The other affiliation - Jundallah - is described as a Sunni group in Iran, and is opposed to the Iranian government. Massoud Ansari on The Telegraph ('We will cut them until Iran asks for mercy', Jan 17, 2006) describes them as a fanatical Sunni group operating in southeastern Iran, and Tehran accuses the US of supporting them.

Margarita Snegireva on Pravda (Four members of terrorist Jundallah group killed by Iranian police, Dec 20, 2007) reported that four of their leaders had been killed in clashes with Iranian police; 12 had been killed in a shootout with security forces earlier in December; and one had been hanged in February for the killing of Revolutionary Guards in the bombing that month (media coverage of the bombings are on Chris Elliot's blogpost A War On Terrorism or a War Of Terrorism? on Democrats.com). In 2005, Jundallah kidnapped an Iranian intelligence officer (Shehab Mansuri) and murdered him. At WindsOfChange (May 22, 2005), Dan Darling reviews media reports about Jundallah, which claim that the al Qaeda infrastructure has established itself in the Gaza Strip and calls itself Jundallah.


From Greg Elich's Washington's Covert War inside Iran (Global Research Center, March 23, 2007, posted here and here on ZNet):

...According to a former CIA official, funding for armed separatist groups operating in Iran is paid from the CIA's classified budget. The aim, claims Fred Burton, an ex-State Department counter-terrorism agent, is "to supply and train" these groups "to destabilize the Iranian regime." (1)

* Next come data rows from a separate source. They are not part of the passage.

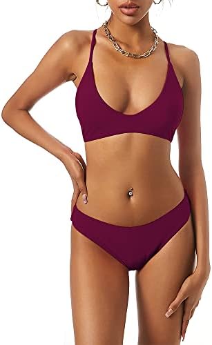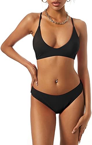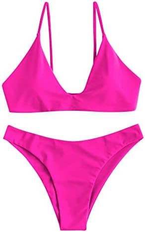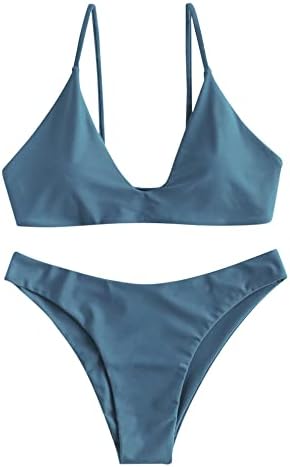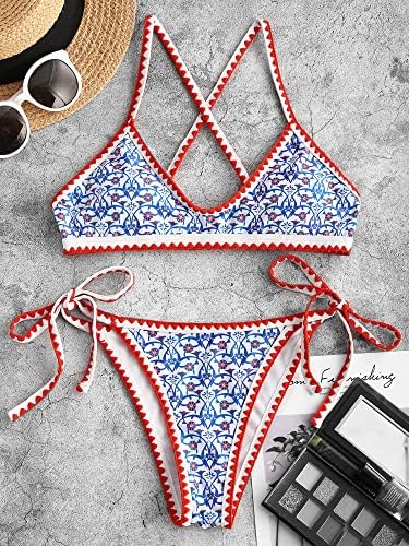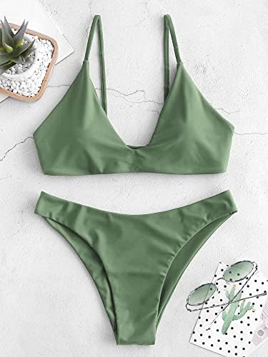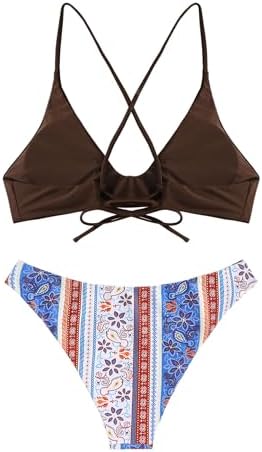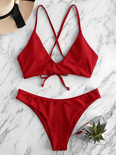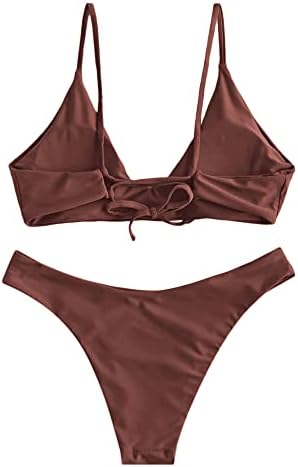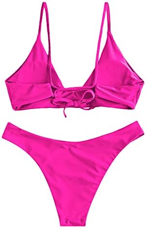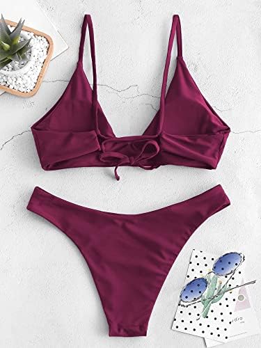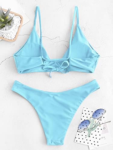 ZAFUL Women's Tie Back Padded High Cut Bralette Bikini Set Two Piece Swimsuit
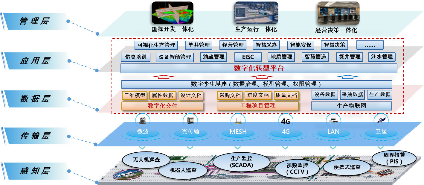 以数字化交付的三维模型、属性数据,工程项目管理的文档数据为基础,与生产物联网数据相结合,支撑数字孪生基座创建虚拟现实环境,形成数字化转型平台2.0。以此为基础再进行业务场景建设,打破数据孤岛、避免重复开发,从而有效实现勘探开发、生产运行、经营决策的数字化转型,智能化发展。
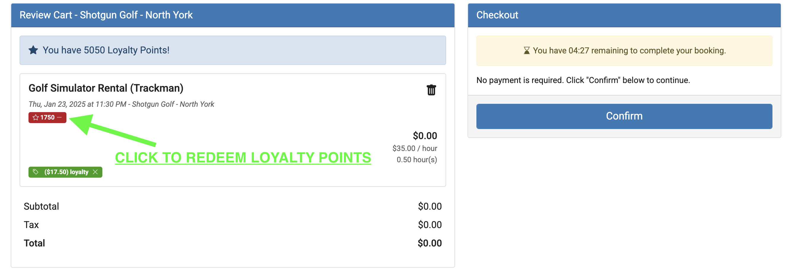 During checkout, select the option to apply your Shotgun Rewards Points towards your booking, then click Confirm.
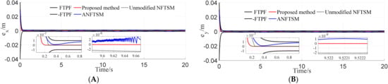 Unlike the NFTSM surface in [31], ours is Lipshitz continuous holistically. There is no need to switch the NFTSM to a linear sliding mode surface to eliminate the singularities of the TSM controller when the generalized position state is close to equilibrium. Furthermore, when we build the non-singular terminal sliding mode surface (NFTSM), the controlled states converge quickly to the small neighborhood containing the equilibrium, which means that most of the dynamics of the classical terminal sliding mode (TSM) is preserved. As the system state moves away from the equilibrium point on the NFTSM surface (18),plays a dominant role in ensuring a faster convergence rate. As the system state approaches the equilibrium point,allows the system tracking error to converge rapidly to zero. Thus, our proposed NFTSM surface provides for rapid convergence of the global error variables to zero.

The largest and most well known of the anti-government organizations is Mujahedin-e Khalq (MEK), operating out of Iraq.... Camp Ashraf ... located well outside of Baghdad, where many of the MEK fighters are stationed. But the camp
operates under the protection of the U.S. military, and American soldiers chauffeur MEK leaders. The Iraqi government is unlikely to get its way, as the MEK claims to be the primary U.S. source for intelligence on Iran. (3)....

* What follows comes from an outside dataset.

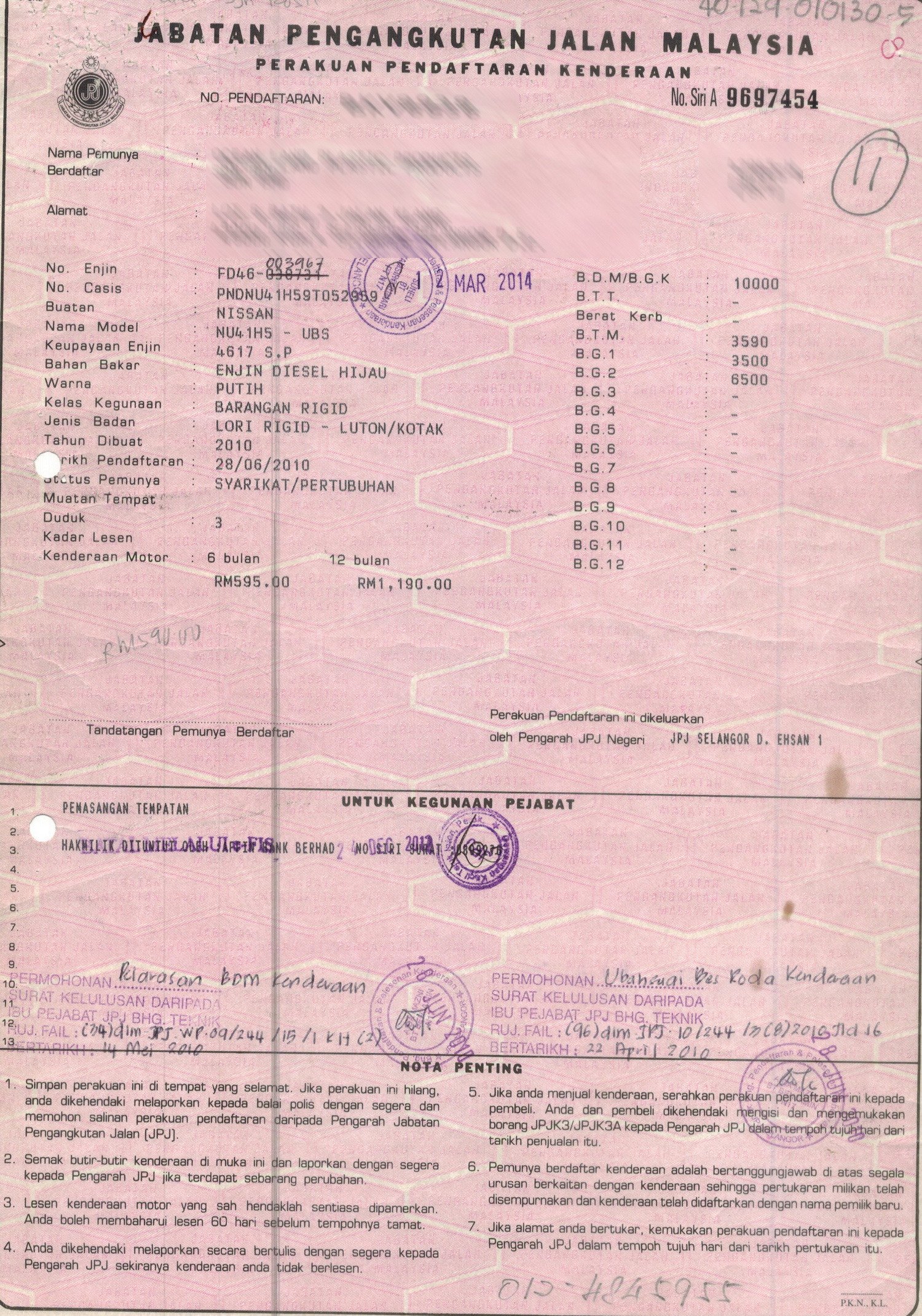 2. Selling Price for vehicle only, not included insurance, roadtax and handling etc.

...Reliance on the MEK began under Defense Secretary Donald Rumsfeld with the direction of Vice President Dick Cheney, and soon MEK soldiers were being used in special operations missions in Iran. "They are doing whatever they want, no oversight at all," said one intelligence official of the MEK's American handlers. (4)....

...The Party for a Free Life in Kurdistan (PJAK), is another organization that conducts cross-border raids into Iran. Israel provides the group with "equipment and training," claims a consultant to the U.S. Defense Department, while the U.S. gave it "a list of targets inside Iran of interest to the U.S."....

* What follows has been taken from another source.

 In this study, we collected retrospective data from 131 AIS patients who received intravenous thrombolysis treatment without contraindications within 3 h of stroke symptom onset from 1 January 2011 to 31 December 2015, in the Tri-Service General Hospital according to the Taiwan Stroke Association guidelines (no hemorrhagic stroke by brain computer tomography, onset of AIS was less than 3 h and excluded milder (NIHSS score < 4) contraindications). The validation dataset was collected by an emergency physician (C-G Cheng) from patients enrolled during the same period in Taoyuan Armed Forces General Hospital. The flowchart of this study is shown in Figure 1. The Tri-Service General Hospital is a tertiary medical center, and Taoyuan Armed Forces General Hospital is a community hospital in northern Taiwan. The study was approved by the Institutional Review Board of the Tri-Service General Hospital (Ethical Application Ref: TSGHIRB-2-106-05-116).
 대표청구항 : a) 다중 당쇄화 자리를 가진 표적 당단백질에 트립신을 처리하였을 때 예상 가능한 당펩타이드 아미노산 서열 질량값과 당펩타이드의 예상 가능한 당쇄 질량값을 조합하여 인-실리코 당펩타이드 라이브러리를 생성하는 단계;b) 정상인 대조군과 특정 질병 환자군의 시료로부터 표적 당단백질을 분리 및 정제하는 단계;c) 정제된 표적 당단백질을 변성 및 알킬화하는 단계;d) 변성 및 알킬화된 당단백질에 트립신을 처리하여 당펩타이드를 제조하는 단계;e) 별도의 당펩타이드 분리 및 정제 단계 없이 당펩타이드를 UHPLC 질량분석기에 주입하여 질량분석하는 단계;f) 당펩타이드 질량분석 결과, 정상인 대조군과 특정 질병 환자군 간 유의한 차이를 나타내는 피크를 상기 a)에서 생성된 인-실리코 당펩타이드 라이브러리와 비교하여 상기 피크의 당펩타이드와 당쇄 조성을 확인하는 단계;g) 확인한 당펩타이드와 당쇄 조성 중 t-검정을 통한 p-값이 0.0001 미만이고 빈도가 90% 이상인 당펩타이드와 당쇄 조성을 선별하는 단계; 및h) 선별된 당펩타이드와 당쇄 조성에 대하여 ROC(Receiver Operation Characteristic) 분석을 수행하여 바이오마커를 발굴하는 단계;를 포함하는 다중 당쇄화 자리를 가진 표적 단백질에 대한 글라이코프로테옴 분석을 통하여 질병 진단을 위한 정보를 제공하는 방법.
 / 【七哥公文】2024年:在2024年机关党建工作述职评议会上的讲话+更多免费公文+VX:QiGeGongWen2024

...Jundallah (God's Brigade) is an extremist Sunni organization operating in Sistan-Balochistan province that has been launching armed attacks, planting explosives, setting off car bombs, and kidnapping. Based in Pakistan, it is unclear if this group is connected with the Pakistani organization of the same name, which has ties with Al-Qaeda. (7) Jundallah denies that it has any links to either Al-Qaeda or to the U.S. But Iranian officials claim that a recently arrested Jundallah guerrilla has confessed that he was trained by U.S. and British intelligence officers. There is no way to verify that such a confession has actually taken place, nor its reliability as it may have come as a result of coercion, but the claim would not be inconsistent with U.S. policy elsewhere in Iran. (8)....

...CIA support for the anti-Soviet and anti-socialist Mujahedin in Afghanistan spawned a worldwide movement of Islamic extremism. Western support for ethnic secessionists shattered Yugoslavia and the invasion of Iraq fired the flames of ethnic discord and made a shared life impossible. It remains to be seen if the Bush Administration can succeed in achieving its goal of effecting regime change in Iran....

The Australian Government notes that there is member movement between Jundallah and Lashkar-e Jhangvi (LeJ) which "has assassinated Iranian nationals in Pakistan and was involved, along with the Jaish e-Mohammad, in the abduction and murder of US journalist Daniel Pearl in January 2002".